WORK ITEM:
Within the records below is a range that opens at the line with "11月1日起,模式口大街西口" and closes at the line with "This research paper". Return that range word for word, both ends included, and only that range.

[DATA Boundary: Start]

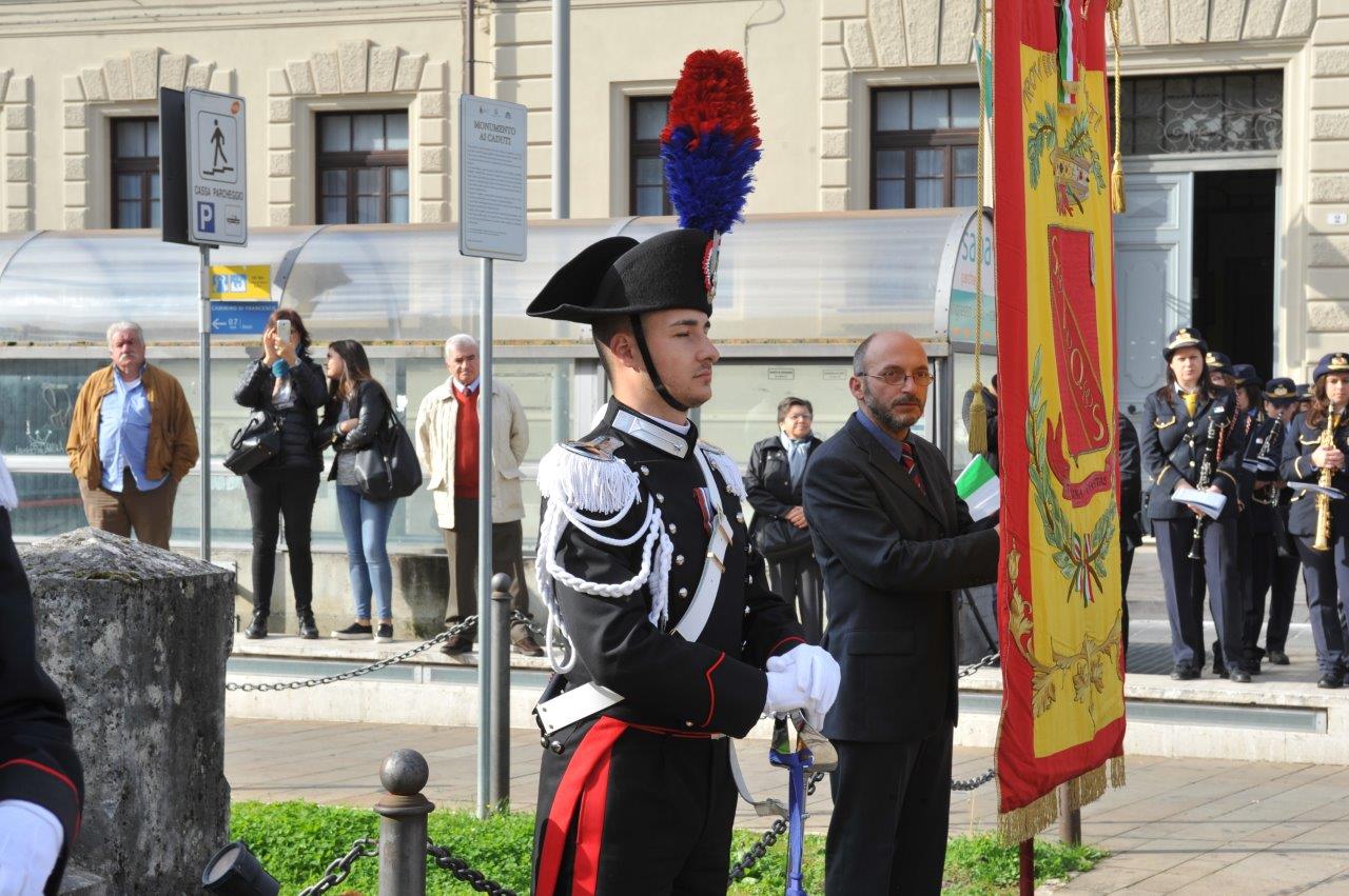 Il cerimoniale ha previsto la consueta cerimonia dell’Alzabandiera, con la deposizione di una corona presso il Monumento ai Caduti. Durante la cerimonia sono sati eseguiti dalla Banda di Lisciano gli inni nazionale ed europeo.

[DATA Boundary: End]
[DATA Boundary: Start]

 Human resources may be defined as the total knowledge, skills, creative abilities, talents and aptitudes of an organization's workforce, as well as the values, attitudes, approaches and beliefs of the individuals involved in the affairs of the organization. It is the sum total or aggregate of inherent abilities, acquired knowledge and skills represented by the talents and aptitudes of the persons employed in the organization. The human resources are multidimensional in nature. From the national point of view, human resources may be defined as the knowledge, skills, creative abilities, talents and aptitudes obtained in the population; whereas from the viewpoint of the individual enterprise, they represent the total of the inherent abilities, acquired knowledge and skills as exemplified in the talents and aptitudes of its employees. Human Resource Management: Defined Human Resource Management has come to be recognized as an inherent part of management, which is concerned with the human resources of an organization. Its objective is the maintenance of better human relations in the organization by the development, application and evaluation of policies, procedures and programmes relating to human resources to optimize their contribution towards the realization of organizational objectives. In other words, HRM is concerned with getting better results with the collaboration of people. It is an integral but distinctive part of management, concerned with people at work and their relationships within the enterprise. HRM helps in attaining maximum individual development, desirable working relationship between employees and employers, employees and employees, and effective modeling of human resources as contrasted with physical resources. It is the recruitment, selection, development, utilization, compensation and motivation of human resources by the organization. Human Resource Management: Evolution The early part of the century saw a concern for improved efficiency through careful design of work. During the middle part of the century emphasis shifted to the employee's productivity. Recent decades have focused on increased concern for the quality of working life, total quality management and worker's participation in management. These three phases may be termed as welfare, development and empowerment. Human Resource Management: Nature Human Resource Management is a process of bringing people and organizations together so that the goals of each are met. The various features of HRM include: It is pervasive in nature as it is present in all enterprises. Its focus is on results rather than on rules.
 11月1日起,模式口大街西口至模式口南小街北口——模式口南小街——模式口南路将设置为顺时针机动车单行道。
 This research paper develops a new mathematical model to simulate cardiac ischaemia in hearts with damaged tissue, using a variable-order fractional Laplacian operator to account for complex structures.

[DATA Boundary: End]

SOLUTION TO THE PROBLEM:
 11月1日起,模式口大街西口至模式口南小街北口——模式口南小街——模式口南路将设置为顺时针机动车单行道。
 This research paper develops a new mathematical model to simulate cardiac ischaemia in hearts with damaged tissue, using a variable-order fractional Laplacian operator to account for complex structures.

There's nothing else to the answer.